Task statement:
Go to the line holding "Оранжевое солнце - Букет" in the entries below and write out exactly every line down to and including the line holding "1年生の教室で過ごすのも,あ".

[Exercise data]

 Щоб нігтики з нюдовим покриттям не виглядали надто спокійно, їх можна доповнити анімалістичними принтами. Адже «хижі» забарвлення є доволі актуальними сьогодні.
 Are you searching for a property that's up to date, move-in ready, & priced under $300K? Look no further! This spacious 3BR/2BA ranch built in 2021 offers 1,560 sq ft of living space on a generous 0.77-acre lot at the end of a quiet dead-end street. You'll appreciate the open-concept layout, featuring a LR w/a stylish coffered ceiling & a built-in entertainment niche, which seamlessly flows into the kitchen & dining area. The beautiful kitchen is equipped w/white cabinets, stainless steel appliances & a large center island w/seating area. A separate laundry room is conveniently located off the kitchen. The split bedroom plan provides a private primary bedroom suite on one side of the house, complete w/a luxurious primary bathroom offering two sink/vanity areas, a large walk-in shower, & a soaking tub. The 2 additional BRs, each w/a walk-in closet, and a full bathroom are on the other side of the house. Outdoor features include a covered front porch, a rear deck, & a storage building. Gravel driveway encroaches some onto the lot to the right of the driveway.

[/Exercise data]
[Exercise data]

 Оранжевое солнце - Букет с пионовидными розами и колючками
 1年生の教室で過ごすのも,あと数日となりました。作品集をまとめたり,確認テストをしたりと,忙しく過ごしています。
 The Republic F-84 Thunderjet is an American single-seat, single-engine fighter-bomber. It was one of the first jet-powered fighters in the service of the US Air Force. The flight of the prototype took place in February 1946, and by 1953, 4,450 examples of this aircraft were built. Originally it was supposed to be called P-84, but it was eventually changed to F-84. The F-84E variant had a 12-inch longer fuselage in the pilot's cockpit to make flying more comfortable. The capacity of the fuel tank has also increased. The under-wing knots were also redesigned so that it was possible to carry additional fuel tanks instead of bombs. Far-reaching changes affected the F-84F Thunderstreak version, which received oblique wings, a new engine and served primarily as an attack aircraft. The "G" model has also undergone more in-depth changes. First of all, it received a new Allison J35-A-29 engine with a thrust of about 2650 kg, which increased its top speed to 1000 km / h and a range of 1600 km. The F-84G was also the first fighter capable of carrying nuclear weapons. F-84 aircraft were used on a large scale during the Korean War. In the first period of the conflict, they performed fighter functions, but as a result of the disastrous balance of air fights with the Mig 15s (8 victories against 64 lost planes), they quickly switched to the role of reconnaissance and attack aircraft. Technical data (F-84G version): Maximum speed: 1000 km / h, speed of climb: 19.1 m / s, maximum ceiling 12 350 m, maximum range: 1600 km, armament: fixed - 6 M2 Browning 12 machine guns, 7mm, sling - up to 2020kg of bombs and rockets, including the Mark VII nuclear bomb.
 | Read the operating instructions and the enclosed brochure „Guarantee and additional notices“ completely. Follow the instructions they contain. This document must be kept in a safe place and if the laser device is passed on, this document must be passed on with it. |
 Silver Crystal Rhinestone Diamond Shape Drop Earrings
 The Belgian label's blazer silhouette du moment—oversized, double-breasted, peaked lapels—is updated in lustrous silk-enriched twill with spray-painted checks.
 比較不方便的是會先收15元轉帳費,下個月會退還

[/Exercise data]

Task answer:
 Оранжевое солнце - Букет с пионовидными розами и колючками
 1年生の教室で過ごすのも,あと数日となりました。作品集をまとめたり,確認テストをしたりと,忙しく過ごしています。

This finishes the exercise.